De Goede Ambtenaar als intern zelfbeeld

In feite is er weinig mis met het beeld dat men intern heeft van de Goede Ambtenaar en de waarden die worden uitgedragen.1 Ze zijn bekend, staan op papier en worden verwoord in personeelsadvertenties:

'De goede ambtenaar blijft bij de tijd; is gericht op waarden (wat betekent dat?); erkent het politiek primaat (dat wil zeggen?); heeft oog voor politiek-ambtelijke verhoudingen; heeft veldkennis en beschikt over ideeën; dient het algemeen belang; is bekend met bedrijfsmatig bestuur; is sterk gemotiveerd en toegewijd; is neutraal; beschikt over uitdrukkingsvaardigheden; kan goed communiceren en gebruikt adviesvaardigheden; is creatief; verwerkt informatie en houdt archief; durft leiding te geven en te nemen; is klantgericht; is flexibel en niet bang voor veranderingen; werkt samen en coördineert; vergadert productief; kan onderhandelen; vermijdt bureaupolitisme; is een entrepreneur; voldoet aan eisen van behoorlijk handelen; is een onkreukbare ambtenaar; kan omgaan met conflicten; streeft naar kwaliteit; is mobiel; reflecteert op het beroepsbeeld.'2

In het veranderproces dat binnen de gemeenten gaande is, worden de waarden nu opnieuw geëxpliciteerd en dat werd door de aanwezige publieke professionals verwelkomd en gewaardeerd. Beelden waren in het wekken van die gedeelde verbeelding cruciaal: het werkte snel, effectief en zeer herkenbaar.3 Tegelijk wijst dat er wel op dat de kwaliteiten van de goede ambtenaar en de waarden die deze beroepsgroep zegt te willen (uit)dragen, blijkbaar niet veel verder komen dan de muren van de gemeentelijke organisatie. Want hoewel de burger vaak zeer te spreken is over ervaringen en ontmoetingen met concrete ambtenaren, is en blijft het beeld van de ambtenaar in de publieke sfeer slecht.

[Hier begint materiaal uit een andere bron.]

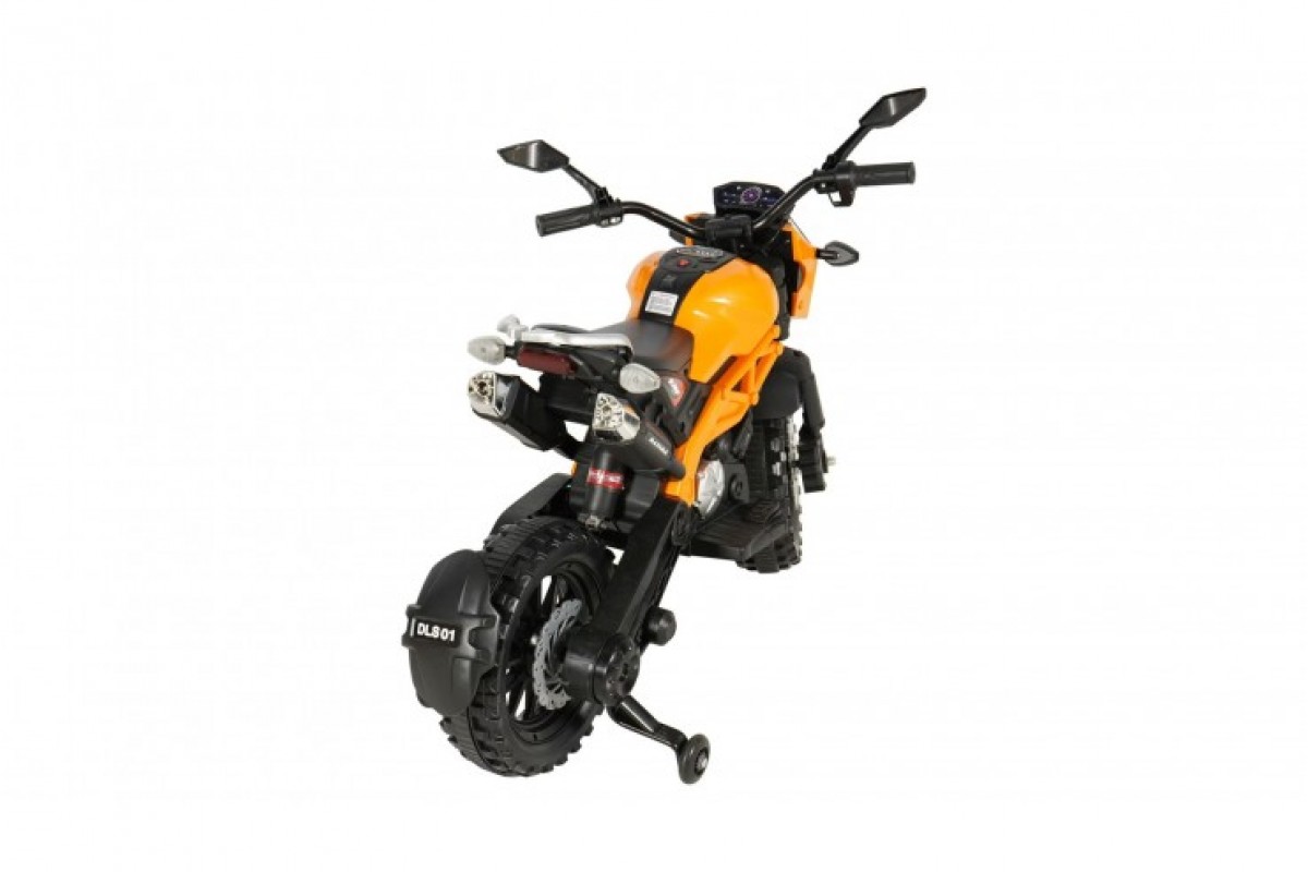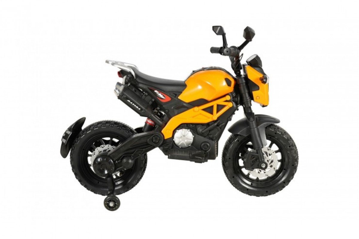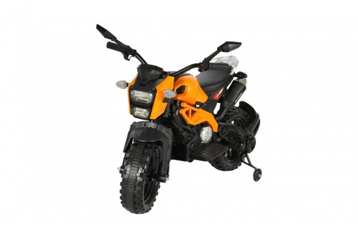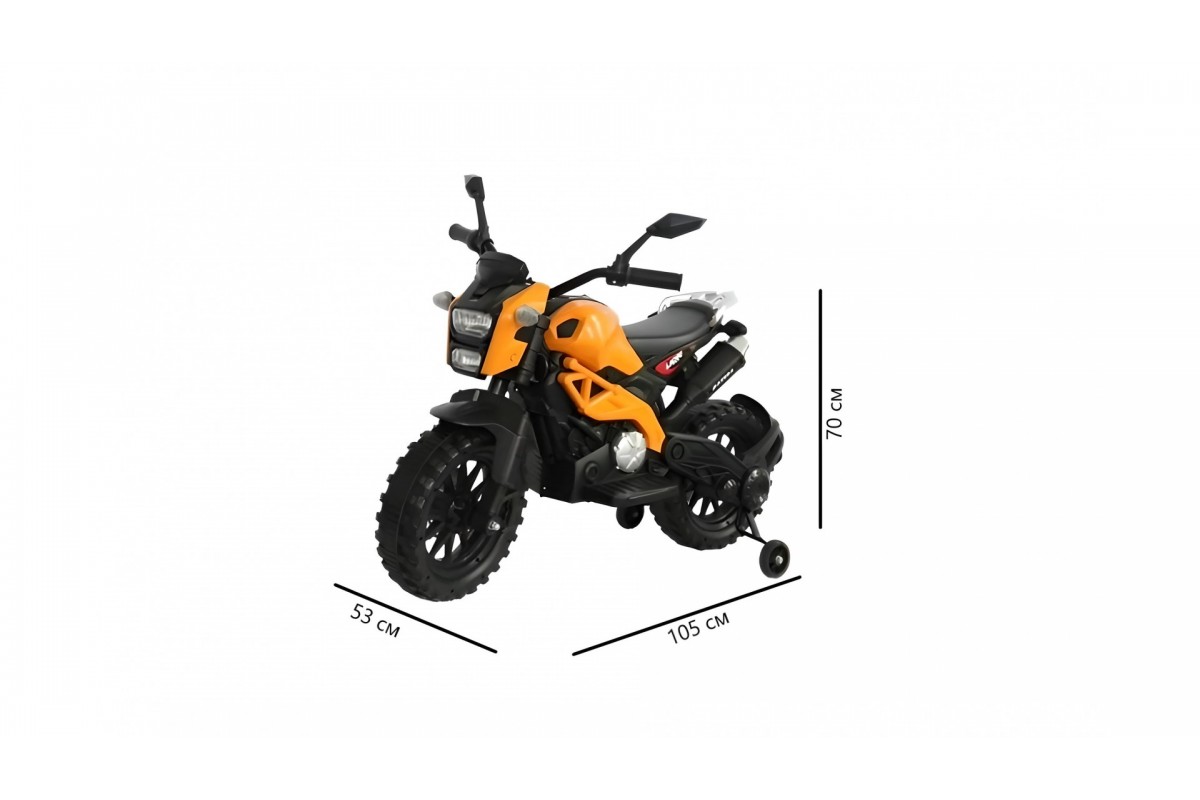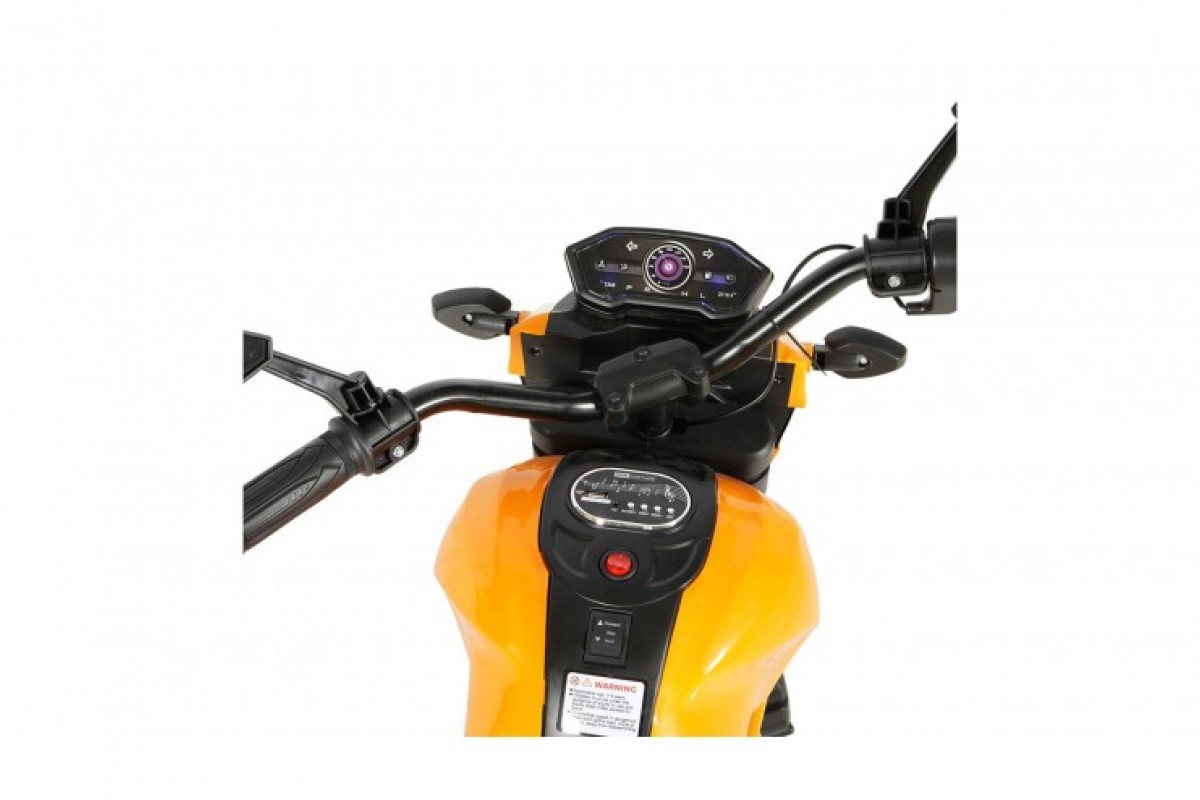 Мотоцикл представляет собой уменьшенную копию настоящего мотоцикла. Обтекаемая форма обеспечивает лучшую аэродинамику и эффектный внешний вид. Разместиться с комфортом за рулем мотоцикла позволит наличие удобного сиденья. Для ног имеются специальные подставки с легко моющимся покрытием. Они расположены по бокам. Поворотная ручка газа, обеспечивает пропорциональный набор скорости мотоцикла. Панель приборов мотоцикла имеет декоративную подсветкой. Светодиодные фары позволят ребенку кататься на мотоцикле в темное время суток.

Er is, aldus Motivaction in 2011, sprake van een mismatch tussen publiek imago en zelfbeeld van ambtenaren.4 Hoewel het dus wel goed komt met de interne beeldvorming en de psychologische ontplooiing van leiderschapkenmerken, afgaande op het enthousiasme op de symposiumdag, is het de vraag of dat voldoende is om ook de maatschappelijke verbeelding te keren.

Het beeld als neutraal doorgeefluik van ambtelijke boodschappen?

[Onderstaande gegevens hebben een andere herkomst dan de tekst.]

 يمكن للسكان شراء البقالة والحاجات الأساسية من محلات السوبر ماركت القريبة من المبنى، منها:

In verschillende presentaties blijkt men optimistisch gestemd over de rol die het beeld kan gaan spelen: camera erbij, vastleggen wat er zich in mooie ontmoetingen voltrok tussen overheidsdienaren en welwillende burgers. Daarbij zou juist het beeld bij uitstek geschikt zijn om de boodschap helder en overtuigend over te brengen. Beter in elk geval dan in taaie woorden en moeilijke taal.5 De vooronderstelling daarbij is dat het beeld slechts een neutrale verpakking is die de welgemeende ambtelijke boodschap op een aantrekkelijke wijze kan brengen. Een aanname die niet vanzelfsprekend door de burger wordt gedeeld.6 Een aanname die volgens filmwetenschappers Bordwell en Thompson ook op een misverstand berust, omdat het impliceert dat een boodschap los staat van de wijze waarop deze wordt vormgegeven.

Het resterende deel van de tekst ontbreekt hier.